The AI industry has a new buzzword: “PhD-level AI.” According to a report from The Information, OpenAI may be planning to launch several specialized AI “agent” products including a $20,000 monthly tier focused on supporting “PhD-level research.” Other reportedly planned agents include a “high-income knowledge worker” assistant at $2,000 monthly and a software developer agent at $10,000 monthly.
OpenAI has not yet confirmed these prices, but they have mentioned PhD-level AI capabilities before. So what exactly constitutes “PhD-level AI”? The term refers to models that supposedly perform tasks requiring doctoral-level expertise. These include agents conducting advanced research, writing and debugging complex code without human intervention, and analyzing large datasets to generate comprehensive reports. The key claim is that these models can tackle problems that typically require years of specialized academic training.
Companies like OpenAI base their “PhD-level” claims on performance in specific benchmark tests. For example, OpenAI’s o1 series models reportedly performed well in science, coding, and math tests, with results similar to human PhD students on challenging tasks. The company’s Deep Research tool, which can generate research papers with citations, scored 26.6 percent on “Humanity’s Last Exam,” a comprehensive evaluation covering over 3,000 questions across more than 100 subjects.
OpenAI’s latest advancement along these lines comes from their o3 and o3-mini models, announced in December. These models build upon the o1 family launched earlier last year. Like o1, the o3 models use what OpenAI calls “private chain of thought,” a simulated reasoning technique where the model runs through an internal dialog and iteratively works through issues before presenting a final answer.
This approach ostensibly mirrors how human researchers spend time thinking about complex problems rather than providing immediate answers. According to OpenAI, the more time you put into this inference-time compute, the better answers you get. So here’s the key point: For $20,000, a customer would presumably be buying tons of thinking time for the AI model to work on difficult problems.
According to OpenAI, o3 earned a record-breaking score on the ARC-AGI visual reasoning benchmark, reaching 87.5 percent in high-compute testing—comparable to human performance at an 85 percent threshold. The model also scored 96.7 percent on the 2024 American Invitational Mathematics Exam, missing just one question, and reached 87.7 percent on GPQA Diamond, which contains graduate-level biology, physics, and chemistry questions.
On the Frontier Math benchmark by EpochAI, o3 solved 25.2 percent of problems, while no other model has exceeded 2 percent—suggesting a leap in mathematical reasoning capabilities over the previous model.
Benchmarks vs. real-world value
Ideally, potential applications for a true PhD-level AI model would include analyzing medical research data, supporting climate modeling, and handling routine aspects of research work.
The high price points reported by The Information, if accurate, suggest that OpenAI believes these systems could provide substantial value to businesses. The publication notes that SoftBank, an OpenAI investor, has committed to spending $3 billion on OpenAI’s agent products this year alone—indicating significant business interest despite the costs.
Meanwhile, OpenAI faces financial pressures that may influence its premium pricing strategy. The company reportedly lost approximately $5 billion last year covering operational costs and other expenses related to running its services.
News of OpenAI’s stratospheric pricing plans come after years of relatively affordable AI services that have conditioned users to expect powerful capabilities at relatively low costs. ChatGPT Plus remains $20 per month and Claude Pro costs $30 monthly—both tiny fractions of these proposed enterprise tiers. Even ChatGPT Pro’s $200/month subscription is relatively small compared to the new proposed fees. Whether the performance difference between these tiers will match their thousandfold price difference is an open question.

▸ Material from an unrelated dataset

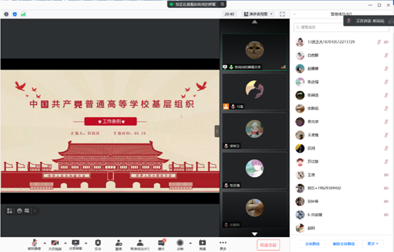 (通讯员 马雪)5月19日晚8点,英国上市公司365硕士党支部通过腾讯会议方式召开支部学习会议,集体学习《中国共产党普通高等公司基层组织工作条例》,会议有支部书记马雪主持,全体党员、预备党员参加。

Despite their benchmark performances, these simulated reasoning models still struggle with confabulations—instances where they generate plausible-sounding but factually incorrect information. This remains a critical concern for research applications where accuracy and reliability are paramount. A $20,000 monthly investment raises questions about whether organizations can trust these systems not to introduce subtle errors into high-stakes research.
In response to the news, several people quipped on social media that companies could hire an actual PhD student for much cheaper. “In case you have forgotten,” wrote xAI developer Hieu Pham in a viral tweet, “most PhD students, including the brightest stars who can do way better work than any current LLMs—are not paid $20K / month.”
While these systems show strong capabilities on specific benchmarks, the “PhD-level” label remains largely a marketing term. These models can process and synthesize information at impressive speeds, but questions remain about how effectively they can handle the creative thinking, intellectual skepticism, and original research that define actual doctoral-level work. On the other hand, they will never get tired or need health insurance, and they will likely continue to improve in capability and drop in cost over time.